= DIRECTIONS FOR THIS TASK =
Note the line containing "ANTIQUE 4 SIDED"; from it through the last line below, give only those lines again, exactly, both ends included, skipping pictures.

= DATA SECTION =
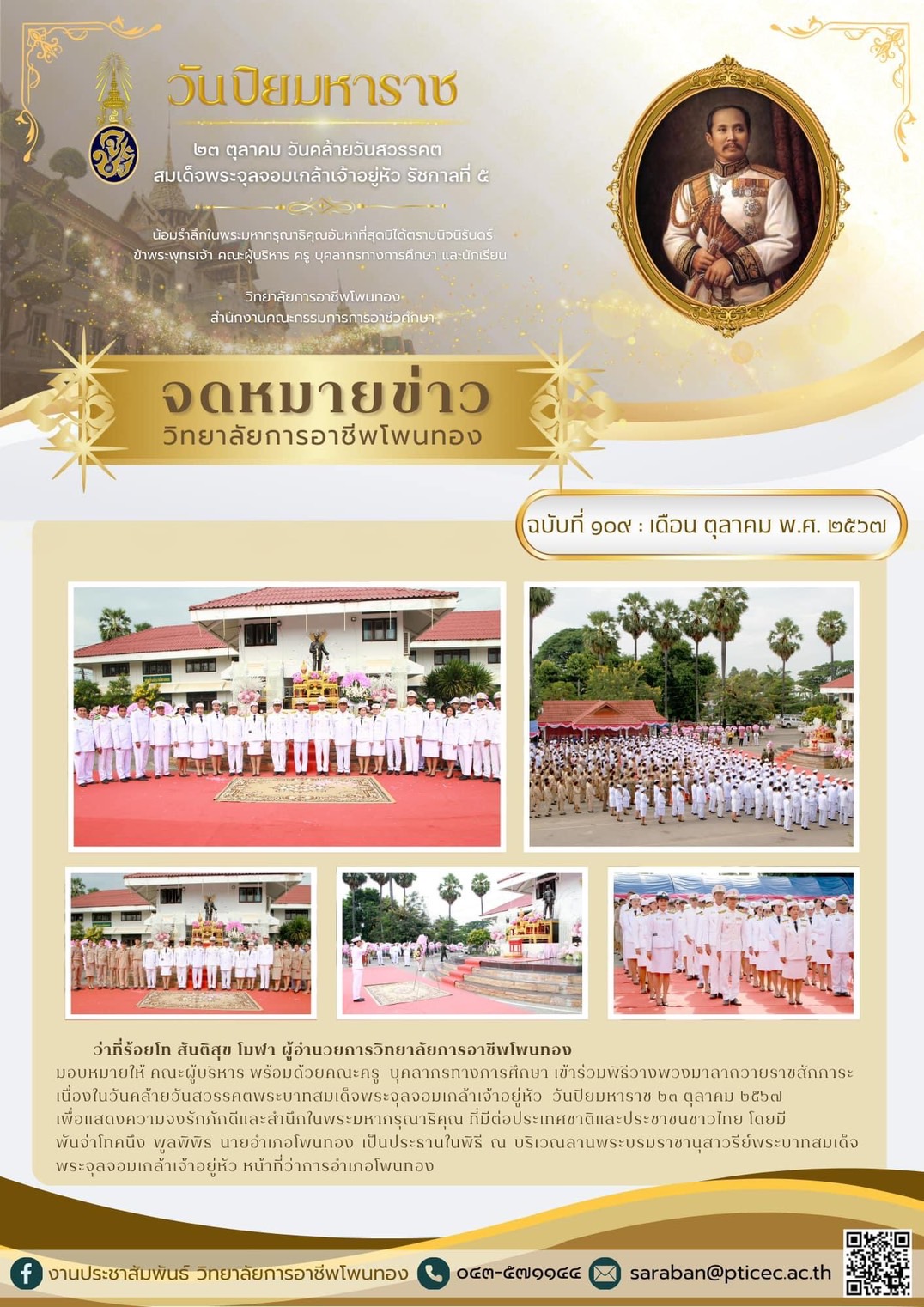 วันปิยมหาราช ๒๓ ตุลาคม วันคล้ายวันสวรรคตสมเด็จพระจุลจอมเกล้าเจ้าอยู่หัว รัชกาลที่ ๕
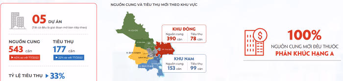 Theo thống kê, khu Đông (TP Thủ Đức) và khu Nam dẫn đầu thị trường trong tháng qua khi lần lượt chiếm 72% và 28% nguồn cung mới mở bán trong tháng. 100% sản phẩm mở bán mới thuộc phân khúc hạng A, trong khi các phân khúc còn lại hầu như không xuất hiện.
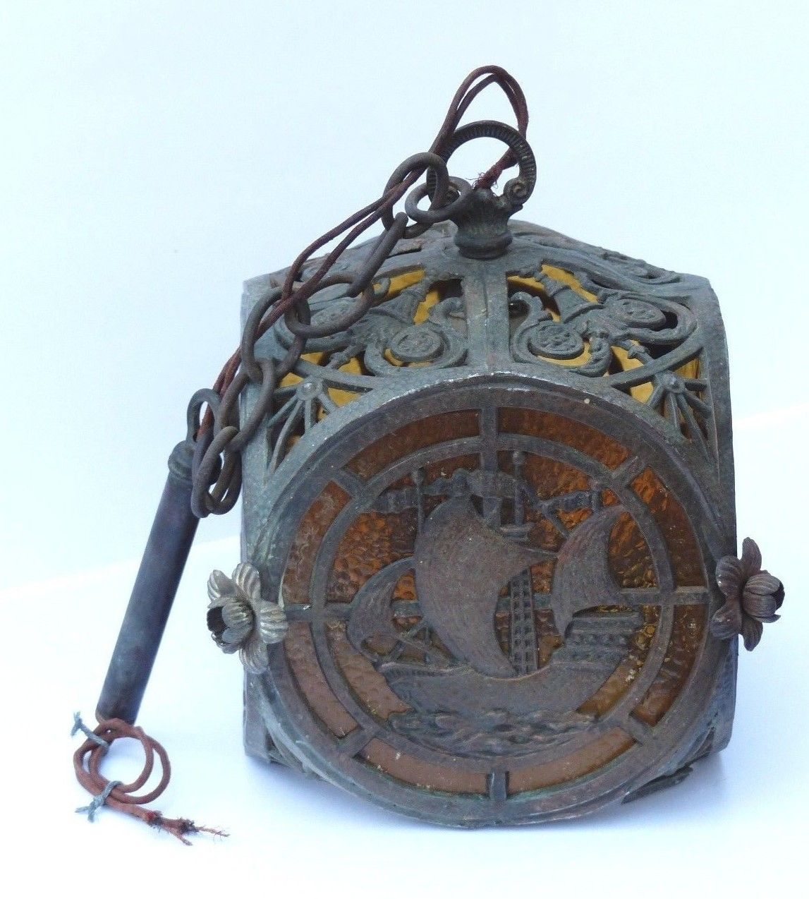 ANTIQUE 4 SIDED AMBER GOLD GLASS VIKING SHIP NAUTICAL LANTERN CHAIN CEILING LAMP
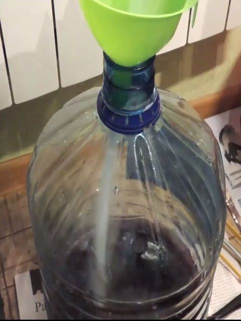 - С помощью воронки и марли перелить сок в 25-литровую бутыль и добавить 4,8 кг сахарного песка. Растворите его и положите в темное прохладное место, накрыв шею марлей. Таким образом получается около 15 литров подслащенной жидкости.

= EXERCISE RESPONSE =
 ANTIQUE 4 SIDED AMBER GOLD GLASS VIKING SHIP NAUTICAL LANTERN CHAIN CEILING LAMP
 - С помощью воронки и марли перелить сок в 25-литровую бутыль и добавить 4,8 кг сахарного песка. Растворите его и положите в темное прохладное место, накрыв шею марлей. Таким образом получается около 15 литров подслащенной жидкости.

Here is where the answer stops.